> _Exercise description_: Begin at the line containing "Greater Burlington YMCA, Burlington" in the data below and go on through the line containing "Oriole Blackbird © Chris Collins May 2024", repeating each line exactly; include both ends and no other line.

(Dataset excerpts)
==========

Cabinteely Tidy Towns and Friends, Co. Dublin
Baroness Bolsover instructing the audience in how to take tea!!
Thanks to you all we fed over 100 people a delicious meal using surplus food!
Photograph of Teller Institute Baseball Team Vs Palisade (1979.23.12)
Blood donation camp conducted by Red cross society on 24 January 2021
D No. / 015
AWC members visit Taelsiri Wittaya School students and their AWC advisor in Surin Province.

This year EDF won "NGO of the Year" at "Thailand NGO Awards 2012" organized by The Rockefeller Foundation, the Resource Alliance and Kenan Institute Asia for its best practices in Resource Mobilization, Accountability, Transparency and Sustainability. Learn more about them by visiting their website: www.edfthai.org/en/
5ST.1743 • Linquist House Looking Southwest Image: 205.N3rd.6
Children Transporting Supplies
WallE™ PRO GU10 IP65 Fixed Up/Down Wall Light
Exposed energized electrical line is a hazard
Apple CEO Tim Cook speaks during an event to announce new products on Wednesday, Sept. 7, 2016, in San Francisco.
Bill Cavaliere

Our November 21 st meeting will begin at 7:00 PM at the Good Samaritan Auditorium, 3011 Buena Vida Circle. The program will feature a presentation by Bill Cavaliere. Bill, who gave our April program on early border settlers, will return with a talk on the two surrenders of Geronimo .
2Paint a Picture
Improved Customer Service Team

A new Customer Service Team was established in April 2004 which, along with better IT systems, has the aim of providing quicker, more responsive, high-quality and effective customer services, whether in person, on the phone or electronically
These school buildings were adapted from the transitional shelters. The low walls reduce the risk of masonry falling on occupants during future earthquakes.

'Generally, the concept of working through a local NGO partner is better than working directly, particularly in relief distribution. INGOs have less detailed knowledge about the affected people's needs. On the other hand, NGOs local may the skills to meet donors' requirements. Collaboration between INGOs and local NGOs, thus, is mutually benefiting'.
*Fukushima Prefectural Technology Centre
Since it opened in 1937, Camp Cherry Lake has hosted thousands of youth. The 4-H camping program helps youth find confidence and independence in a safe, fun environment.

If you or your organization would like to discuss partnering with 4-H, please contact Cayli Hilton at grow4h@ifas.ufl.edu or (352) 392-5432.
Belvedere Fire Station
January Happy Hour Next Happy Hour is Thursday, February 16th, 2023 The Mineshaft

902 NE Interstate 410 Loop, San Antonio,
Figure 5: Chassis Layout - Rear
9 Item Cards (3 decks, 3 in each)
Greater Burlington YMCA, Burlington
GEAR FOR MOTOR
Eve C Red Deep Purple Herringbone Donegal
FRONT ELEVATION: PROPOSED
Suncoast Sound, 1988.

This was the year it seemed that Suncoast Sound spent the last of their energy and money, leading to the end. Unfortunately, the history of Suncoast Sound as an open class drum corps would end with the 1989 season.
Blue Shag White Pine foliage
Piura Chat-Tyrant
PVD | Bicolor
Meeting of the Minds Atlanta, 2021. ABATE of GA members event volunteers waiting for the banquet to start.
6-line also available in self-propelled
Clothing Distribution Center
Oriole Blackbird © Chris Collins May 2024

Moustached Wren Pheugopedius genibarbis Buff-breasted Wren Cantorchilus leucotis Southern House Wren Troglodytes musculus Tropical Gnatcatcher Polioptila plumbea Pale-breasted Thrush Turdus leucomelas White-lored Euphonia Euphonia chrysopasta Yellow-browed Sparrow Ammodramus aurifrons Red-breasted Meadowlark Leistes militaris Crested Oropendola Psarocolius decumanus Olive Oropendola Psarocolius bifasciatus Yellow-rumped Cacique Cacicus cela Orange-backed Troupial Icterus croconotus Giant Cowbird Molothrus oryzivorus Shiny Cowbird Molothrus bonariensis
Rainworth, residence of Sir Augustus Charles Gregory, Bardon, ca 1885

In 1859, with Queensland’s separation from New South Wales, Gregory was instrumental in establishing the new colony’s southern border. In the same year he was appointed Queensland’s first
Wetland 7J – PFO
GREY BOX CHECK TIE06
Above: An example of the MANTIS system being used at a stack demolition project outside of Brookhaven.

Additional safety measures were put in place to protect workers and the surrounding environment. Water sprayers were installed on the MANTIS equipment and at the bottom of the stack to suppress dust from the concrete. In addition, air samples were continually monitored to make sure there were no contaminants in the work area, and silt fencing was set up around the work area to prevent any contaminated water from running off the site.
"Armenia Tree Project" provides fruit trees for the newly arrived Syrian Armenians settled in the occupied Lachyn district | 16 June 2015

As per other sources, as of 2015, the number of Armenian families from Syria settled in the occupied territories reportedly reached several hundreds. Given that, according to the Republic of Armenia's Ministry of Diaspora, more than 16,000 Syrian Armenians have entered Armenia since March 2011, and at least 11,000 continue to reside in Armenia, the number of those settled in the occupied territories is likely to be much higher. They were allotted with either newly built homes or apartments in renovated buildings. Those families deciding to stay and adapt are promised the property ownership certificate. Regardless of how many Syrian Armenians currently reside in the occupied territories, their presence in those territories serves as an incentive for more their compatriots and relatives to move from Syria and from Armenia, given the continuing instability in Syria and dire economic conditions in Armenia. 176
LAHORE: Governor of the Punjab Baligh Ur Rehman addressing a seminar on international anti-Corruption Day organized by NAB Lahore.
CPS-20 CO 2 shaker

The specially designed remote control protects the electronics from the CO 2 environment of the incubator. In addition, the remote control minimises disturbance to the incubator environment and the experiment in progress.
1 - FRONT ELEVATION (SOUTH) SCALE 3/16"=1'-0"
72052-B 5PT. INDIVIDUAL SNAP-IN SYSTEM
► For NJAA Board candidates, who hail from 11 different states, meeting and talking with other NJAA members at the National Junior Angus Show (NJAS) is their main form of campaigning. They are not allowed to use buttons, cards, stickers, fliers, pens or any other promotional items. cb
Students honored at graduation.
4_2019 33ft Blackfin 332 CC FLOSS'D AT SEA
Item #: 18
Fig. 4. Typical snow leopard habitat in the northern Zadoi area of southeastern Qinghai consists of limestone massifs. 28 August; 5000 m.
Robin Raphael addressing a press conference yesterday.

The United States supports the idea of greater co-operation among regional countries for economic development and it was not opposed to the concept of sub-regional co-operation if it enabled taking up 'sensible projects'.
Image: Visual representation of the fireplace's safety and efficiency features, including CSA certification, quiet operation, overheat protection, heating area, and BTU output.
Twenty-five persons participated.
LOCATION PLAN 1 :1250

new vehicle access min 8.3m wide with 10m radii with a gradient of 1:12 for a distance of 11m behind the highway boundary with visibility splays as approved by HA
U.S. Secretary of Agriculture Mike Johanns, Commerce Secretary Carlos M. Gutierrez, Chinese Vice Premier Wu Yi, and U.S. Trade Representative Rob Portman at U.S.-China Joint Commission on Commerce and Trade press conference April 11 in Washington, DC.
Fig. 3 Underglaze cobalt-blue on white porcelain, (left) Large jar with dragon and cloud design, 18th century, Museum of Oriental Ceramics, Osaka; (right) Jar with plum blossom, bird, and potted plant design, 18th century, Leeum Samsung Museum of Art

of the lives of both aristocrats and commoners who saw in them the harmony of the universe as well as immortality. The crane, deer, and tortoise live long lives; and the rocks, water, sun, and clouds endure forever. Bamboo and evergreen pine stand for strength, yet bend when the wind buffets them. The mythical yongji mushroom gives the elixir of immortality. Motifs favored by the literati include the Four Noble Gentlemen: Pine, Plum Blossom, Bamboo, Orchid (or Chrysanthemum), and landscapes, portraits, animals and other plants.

==========

> _Answer section_:
Greater Burlington YMCA, Burlington
GEAR FOR MOTOR
Eve C Red Deep Purple Herringbone Donegal
FRONT ELEVATION: PROPOSED
Suncoast Sound, 1988.

This was the year it seemed that Suncoast Sound spent the last of their energy and money, leading to the end. Unfortunately, the history of Suncoast Sound as an open class drum corps would end with the 1989 season.
Blue Shag White Pine foliage
Piura Chat-Tyrant
PVD | Bicolor
Meeting of the Minds Atlanta, 2021. ABATE of GA members event volunteers waiting for the banquet to start.
6-line also available in self-propelled
Clothing Distribution Center
Oriole Blackbird © Chris Collins May 2024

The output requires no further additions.